Dental care given to those in need at volunteer event
In a first-come, first-serve fashion, patients unable to regularly afford dental care were given the opportunity recently to receive free treatment from volunteer dentists and dental hygienists.
Robert H. Frederickson, DDS, participated as a volunteer on June 7th and 8th’s Mission of Mercy-In-PA (MOM-n-PA) at Mohegan Sun Arena, in Wilkes-Barre.
Those in need of dental care lined up and waited patiently for their chance to sit in one of the 120 chairs set up in different departments within the arena.
The departments included oral surgery (teeth extraction), endodonics (root canals), pediatrics, dentures and where the patients could find Frederickson — dental restoration (dental fillings). Some people even spent Thursday night in line in hopes to see one of the certified dentists.
“People showed up, it was Friday and Saturday,” Frederickson said. “The first guy showed up at 8 p.m. on Thursday night, so when I got there at a quarter to six in the morning, the line was 100 yards long. People came in all day long.”
Each patient seen was screened for medical complications prior to treatment, and those who were qualified health wise would receive dental services at absolutely no cost. The only time a patient was turned to other health care options were due to the need for a complex surgery because of sanitary reasons.
“We offered all services from the moment the patient came in. The oral diagnosis, and then there was triage. They were screened medically and then they were sent to the different departments,” Frederickson said.
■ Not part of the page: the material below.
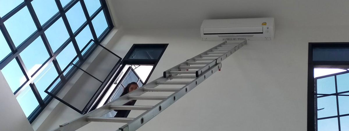 ใครให้ติดแอร์ตรงนั้นนะ ช่างขึ้นไปล้างแอร์ให้ลูกค้า พอเห็นความสูงแล้ว ขาแทบสั่น

Frederickson went on to add that the event could not have been done all these years without the help of foundations who supply donations and monetary donations to the event.
“They said the whole set up costs probably over $200,000, but you know everything is donated. There are foundations who pay for companies to come in and set up the chairs and of course when you have dentistry you have to have water, and suction, and air to each of those chairs,” added Frederickson. “I mean, the plumbing and electric was phenomenal. They put it up in a day, putting it up Thursday and taking it down Sunday.”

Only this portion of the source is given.